The <HEAD> and </HEAD> tags are used between the <HTML> and </HTML> tags and given before the <BODY> tag. There may be given some information like character type about the header and script file information (if any) or script codes between the <HEAD> and </HEAD> tags.
To specify the header string which is displayed in the title bar of the window created by the browser one should insert this string between the <TITLE> and </TITLE> tags which are located somewhere between the <HEAD> and </HEAD> tags.
The <META> Tag
This tag is used inside the domain of the <HEAD> tag. It has no conjugate. The <META> tag accepts some parameters. Amongst these we can mention about NAME, CONTENT, and HTTP-EQUIV. The utilization of these parameters can be shown through the following examples:
The <META HTTP-EQUIV="Content-Type" CONTENT=text/html;charset=iso-8859-9">tag, provides the utilization of Turkish Fonts as soon as an access is accomplished to the page. Here it is possible to use windows-1254 instead of iso-8859-9.
The tag, <META NAME="Keywords" CONTENT="html,htm,personal web page, web">, is used to specify the content of the page.}
The <BODY>Tag
This tag does also accept parameters. They are listed below:
BGCOLOR: This parameter is used to specify the background color. You can give either the name of the color as a string or its hashmark started hexadecimal code.
BACKGROUND: This parameter locates a picture at the background. The picture is specified by an image filename. The image file of the picture must be in either gif or jpeg format. If necessary the path of the image file can be specified through this parameter. If an image filename is specified and that file under this name can not be accessed then the value of BGCOLOR is used to paint the background instead of locating the picture.
TEXT: This parameter specifies the general color of the text material.
LINK: This parameter is used to specify the color of the string which is used for link.
VLINK: This parameter is also related to links. However, the value given to this parameter is used as the color to paint the string which defines the link if the link was activated before.
ALINK:This parameter is also related to links. However, the value given to this parameter is used as the color to paint the string which defines the link when this string is clicked by mouse.
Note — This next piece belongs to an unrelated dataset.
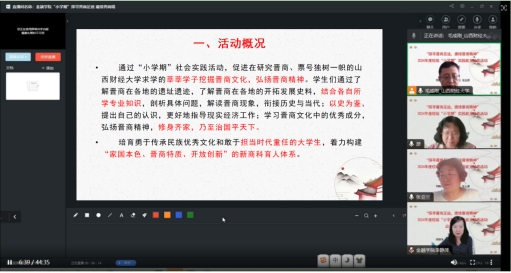 “探寻晋商足迹,赓续晋商精神”“小学期”课程组通过学习通直播课堂和腾讯会议相结合的方式,为数百位同学开展了一次培训。

Well! The parameter utilization is optional and order independent. That is, you can use them in any order. We recommend you to give a BGCOLOR if you do not cover the background by a picture otherwise you may obtain quite ugly appearences on your page since the default BGCOLOR of the browsers are not generally so attractive.
Writing Through HTML
One of the basic functions of HTML is of course text creation, that is, writing. There are HTML tags which are directly related to writing operations. Some of them are given below.
The <FONT> Tag
This tag has a conjugate, that is, <FONT> and is used to manage the controlling of the font utilization. </FONT> can accept the below listed parameters:
FACE: This parameter specifies the type of the font to be used.
SIZE: This parameter specifies the size of the font to be used.
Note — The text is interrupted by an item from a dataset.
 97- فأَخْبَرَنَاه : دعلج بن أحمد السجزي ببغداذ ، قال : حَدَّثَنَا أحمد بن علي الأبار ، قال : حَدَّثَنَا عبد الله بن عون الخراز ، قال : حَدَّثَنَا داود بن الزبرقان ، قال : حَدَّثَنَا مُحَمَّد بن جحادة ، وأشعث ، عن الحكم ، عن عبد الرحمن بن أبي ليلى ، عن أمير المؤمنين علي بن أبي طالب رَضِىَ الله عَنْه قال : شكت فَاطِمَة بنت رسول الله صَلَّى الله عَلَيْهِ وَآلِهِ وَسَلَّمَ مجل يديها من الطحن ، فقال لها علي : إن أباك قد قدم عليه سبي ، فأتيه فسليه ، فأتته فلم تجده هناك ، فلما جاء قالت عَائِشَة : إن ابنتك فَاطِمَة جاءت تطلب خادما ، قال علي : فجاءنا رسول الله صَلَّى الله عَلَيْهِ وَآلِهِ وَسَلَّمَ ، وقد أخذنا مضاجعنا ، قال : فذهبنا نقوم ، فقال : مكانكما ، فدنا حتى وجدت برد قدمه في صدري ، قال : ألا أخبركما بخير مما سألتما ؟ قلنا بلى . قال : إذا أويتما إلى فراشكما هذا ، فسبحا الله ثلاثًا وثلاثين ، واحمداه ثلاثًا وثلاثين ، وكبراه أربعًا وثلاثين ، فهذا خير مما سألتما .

COLOR: This parameter specifies the color of the font to be used. Color specification is done by giving the color either in name or its hashmark started hexadecimal representation.
Some Font Controlling Tags
If a boldface field is desired in the text to be printed by HTML then the field must be surrounded by the <B> and </B> tags. The </STRONG> and <STRONG> tags can also be used for the same purpose.
If an italic field in the text should be surrounded by the <I> and </I> tags.
The field surrounded by the <U> and </U> tags are underlined.
The field which continuosly blinks should be encompassed between the tags <BLINK> and <BLINK>.
The mathematical formula typesetting is very limited under HTML. However it is possible to use sub or super indexes. You can use the <SUB> and </SUB> tags for sub indexing while you need to use <SUP> and </SUP> tags for super indexing.
HTML enables us to increase or decrease the size of the characters employed in a field. There is a default size scale and each size is defined in points which is a typographical unit (72 points = 1 inch). The <BIG> and </BIG> tags increase the size of the characters in the field they encompass one level in the scale whereas the <SMALL> and </SMALL> tags decrease the size one level in the scale.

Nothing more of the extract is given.